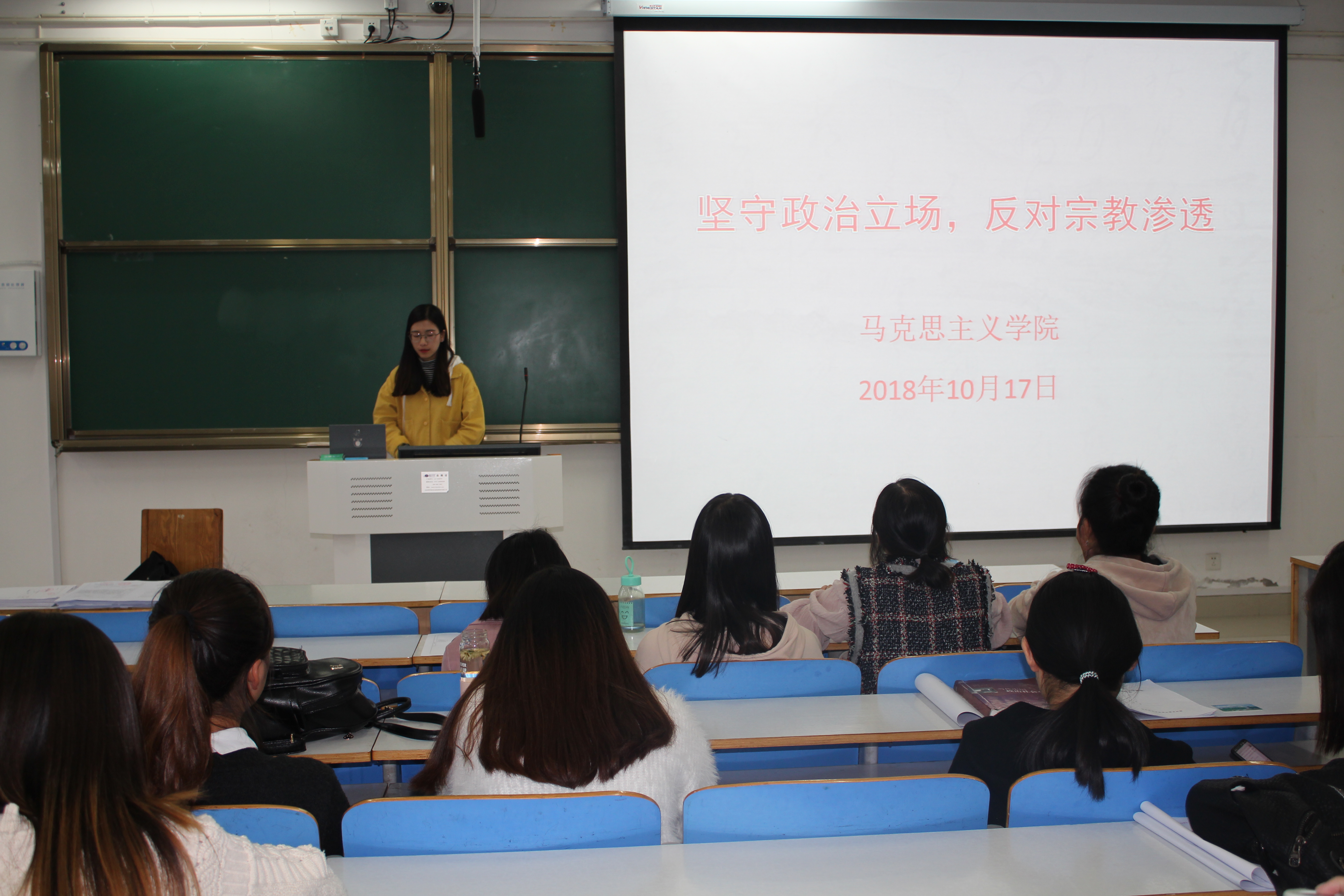 为防止宗教渗透,牢固金年会官网学子正确政治立场,金年会jinnianhuicom2015级思想政治教育专业一班、二班在社科楼516教室召开 “坚守政治立场,反对宗教渗透”主题班会。团委书记曹栋与金年会官网2015级思想政治教育专业全体学生共同参与班次本次班会。班会由学生辅导员张英主持。
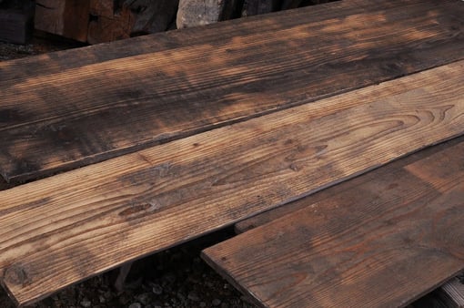 古民家の板材は大きく分けて2通りございます。表面がツルツルしているものと、ザラザラしているもの。
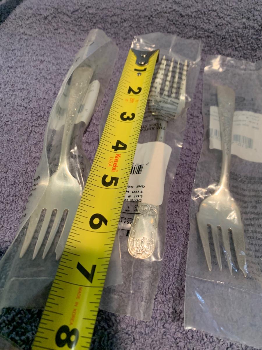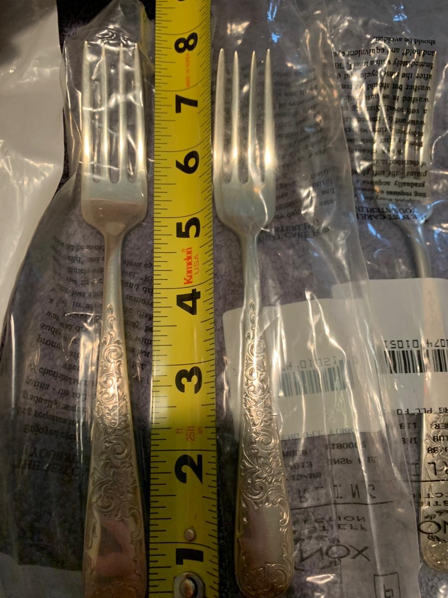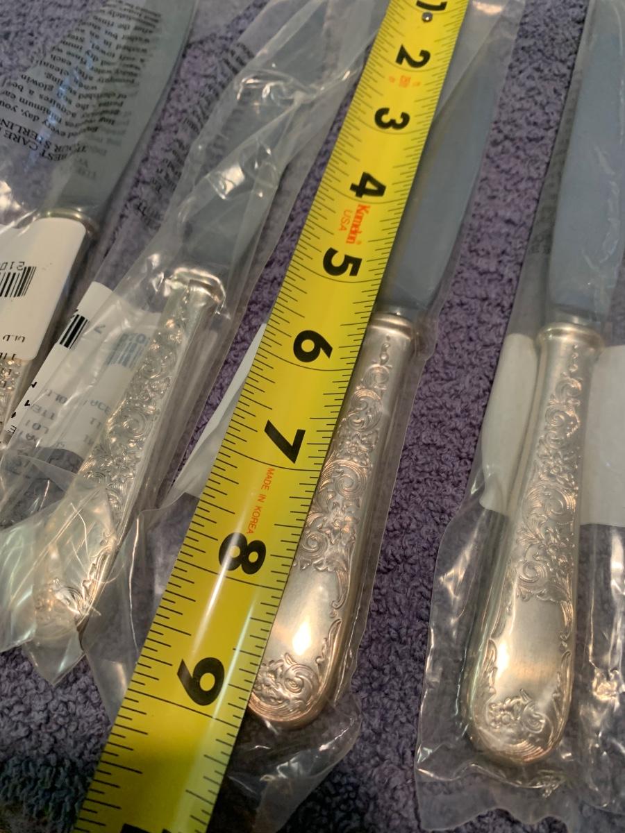 FOUR: 7.25” Dinner Forks, 6.5” Spoons, 6.25 Salad Forks, 9” Sterling Handled Knives.

▶ _Directions for this task_:
A word-for-word copy of all the data, without pictures, is the expected output.

▶ _Finished task_:
 为防止宗教渗透,牢固金年会官网学子正确政治立场,金年会jinnianhuicom2015级思想政治教育专业一班、二班在社科楼516教室召开 “坚守政治立场,反对宗教渗透”主题班会。团委书记曹栋与金年会官网2015级思想政治教育专业全体学生共同参与班次本次班会。班会由学生辅导员张英主持。
 古民家の板材は大きく分けて2通りございます。表面がツルツルしているものと、ザラザラしているもの。
 FOUR: 7.25” Dinner Forks, 6.5” Spoons, 6.25 Salad Forks, 9” Sterling Handled Knives.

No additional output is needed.